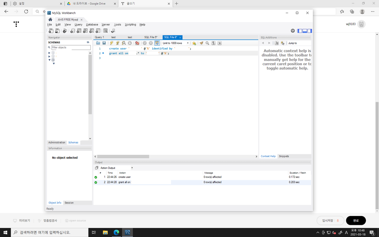 2번째 줄 명령어로 저 아이디에 모든 권한을 준다.
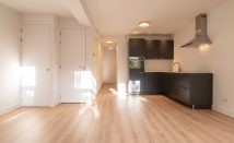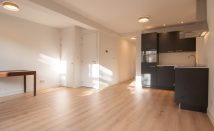 Entrance is on the first floor. You enter a hallway with the living room with open plan kitchen with all appliances to the back of the apartment facing the inner courtyards.
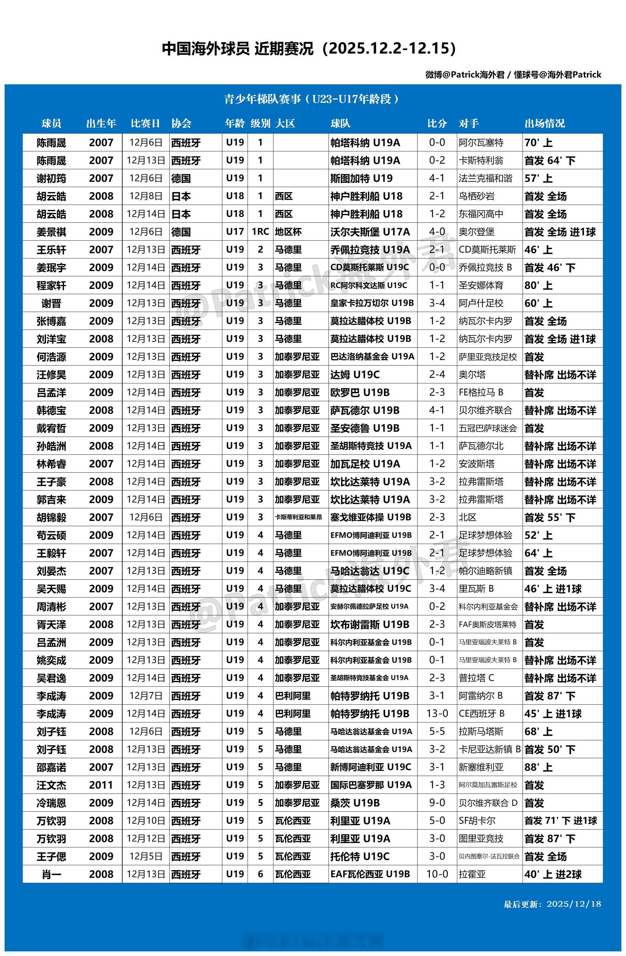 留洋周报 海外球员比赛一览 (2025年12月2日-12月15日)
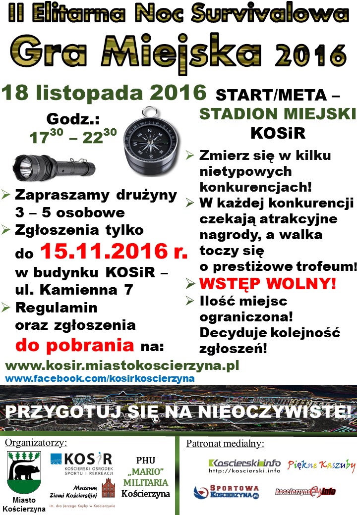 Pełna niespodzianek II Elitarna Noc Survivalowa – Gra Miejska 2016

What needs to be done
Could you write out verbatim only those lines that run from the line containing "留洋周报 海外球员比赛一览 (2025年12月2日-12月15日)" through the end of the listing above, both included, without the pictures?

Response
 留洋周报 海外球员比赛一览 (2025年12月2日-12月15日)
 Pełna niespodzianek II Elitarna Noc Survivalowa – Gra Miejska 2016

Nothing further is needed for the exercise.